How is child support calculated in California?
Hosford & Hosford helps clients protect their rights in a divorce. As SLO child support attorneys, one of the most common questions that clients ask us is what they can expect to pay or receive in child support.
As with temporary spousal support calculations, California law provides a formula for deciding child support and who will pay what. The formula is based on each parent’s net disposable income per month and the time that each parent cares for the children.
In this formula, courts consider all income, whether it is taxed or reported and whether it’s in the form of money, property, or services. Wages, tips, bonuses, unemployment benefits—even lottery and prize winnings—are all sources of income the court may review.
Judges will also look at your expenses or your spouse’s expenses to ensure that support is fair. They may consider your taxes, union dues, retirement contributions, healthcare expenses, and your costs in raising children from another relationship.
Hosford & Hosford helps clients understand what information they will need to provide for this formula. Some of these details are straightforward, such as the number of children to use in the calculation. However, certain factors may be interpreted differently by the parties, such as:
- The actual time that children spend with each parent.

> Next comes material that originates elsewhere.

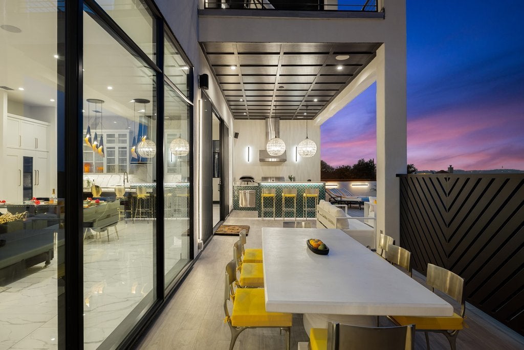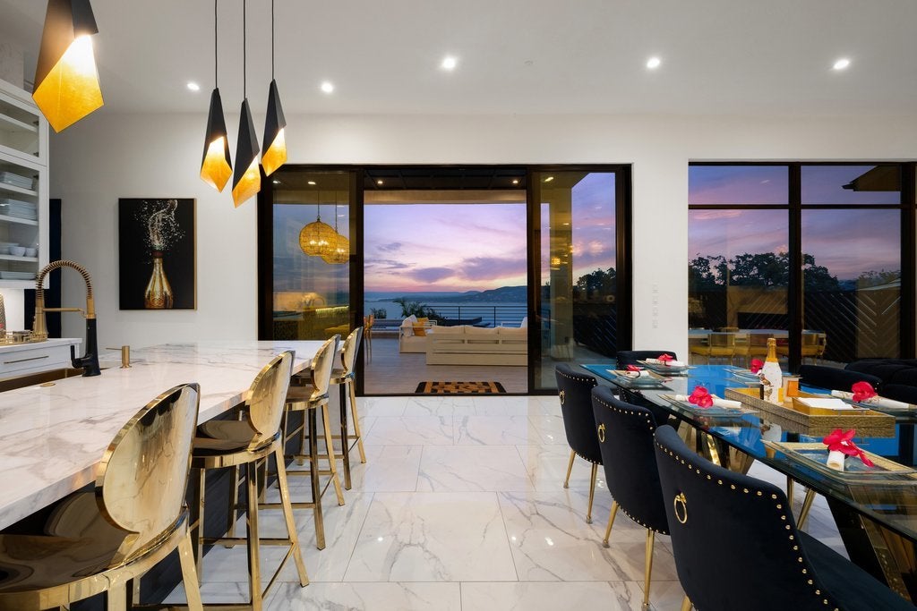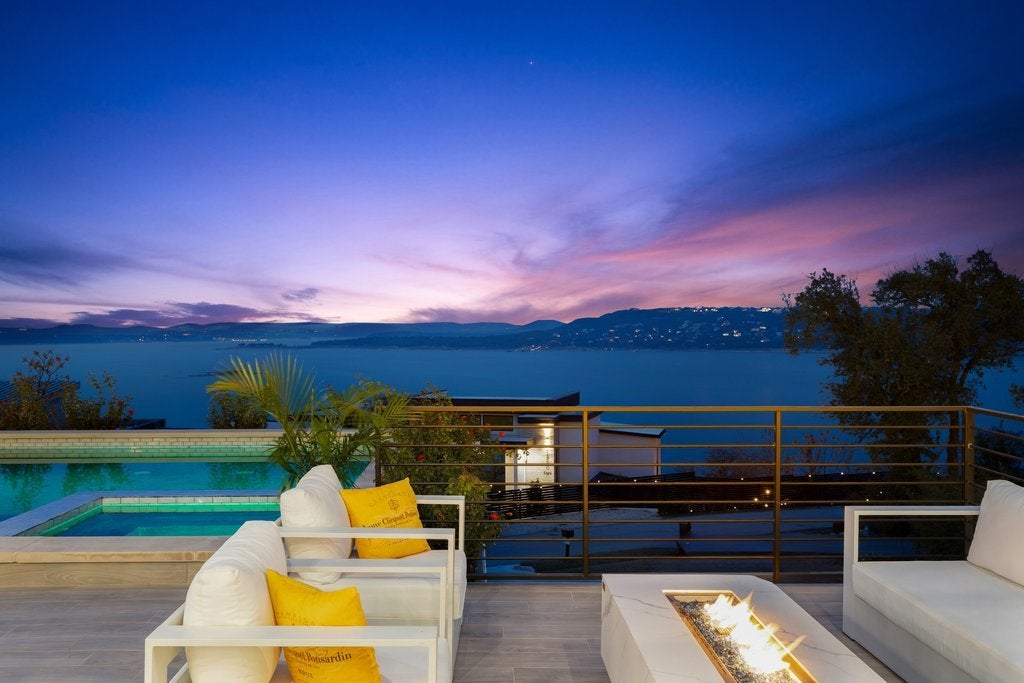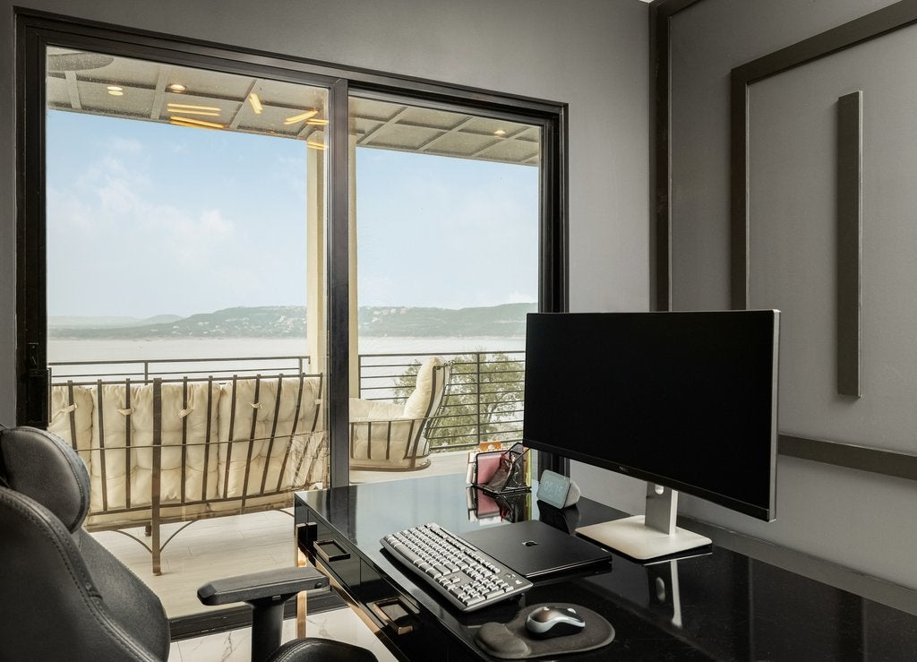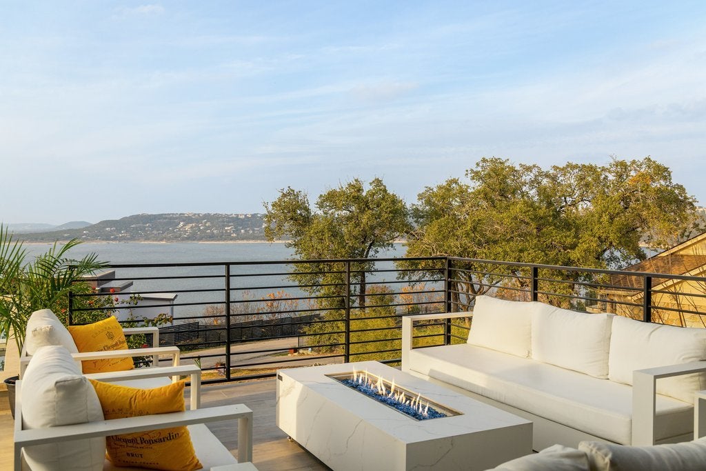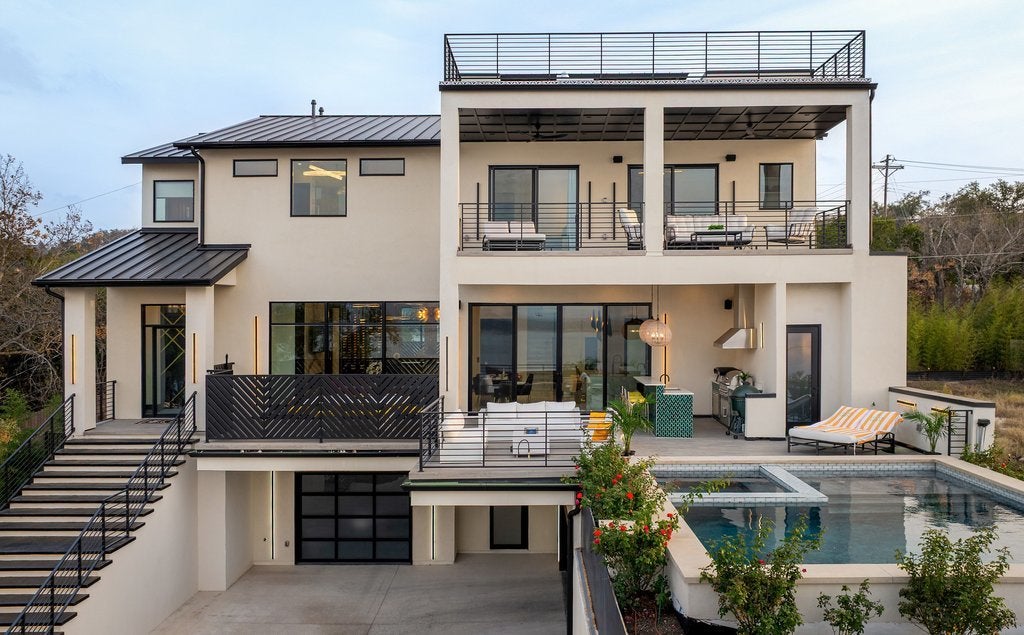 Panoramic Lake Travis and Hill Country views, iconic sunsets, and close proximity to the water. Built in 2022, this contemporary three-level residence is located less than one mile from Marshall Ford Marina and minutes from The Oasis, offering easy access to boating, dining, and lake recreation. Designed for indoor-outdoor living, expansive terraces on multiple levels and a rooftop patio with unobstructed lake views are featured. Floor-to-ceiling windows throughout the main living areas provide natural light and frame the vistas. The main level offers an open-concept layout connecting the living, dining, and kitchen areas, ideal for entertaining. The chef’s kitchen includes a large center island, marble countertops, premium appliances, and a butler’s pantry. A fireplace, glass-enclosed wine room, and wet bar add functionality and architectural interest. A private guest suite with full bath is located on the main level, and a 3-stop elevator provides access to all floors. The primary suite features a private balcony overlooking Lake Travis and a spa-style bath with dual vanities, soaking tub, walk-in shower, and two closets, including an oversized boutique-style walk-in. Additional en-suite bedrooms provide privacy, and a dedicated study offers flexibility as a fifth bedroom and shares access to the primary balcony. Outdoor spaces include multiple covered and open-air terraces for dining and lounging, a pool and spa, and a rooftop deck designed for sunset views and entertaining. Located in Austin’s limited use jurisdiction within the Hughes Park Lake area, the property offers additional flexibility for ownership, including the potential for short-term rental use, subject to buyer verification of current regulations. Public water access, nearby marinas, golf, dining, and shopping are all minutes away, with Downtown Austin and The Domain approximately 20 minutes away—delivering a convenient Lake Travis lifestyle with year-round accessibility.

- The true income each party earns.
- The actual costs that each person faces to the extent they affect your after tax income, medical needs, and child care costs.
As experienced SLO child support attorneys, one of the most important services Hosford & Hosford offers is ensuring that the values used in your child support formula fairly represent your situation. Our work can give you greater control over how money is spent on your children and can help them receive the resources they need.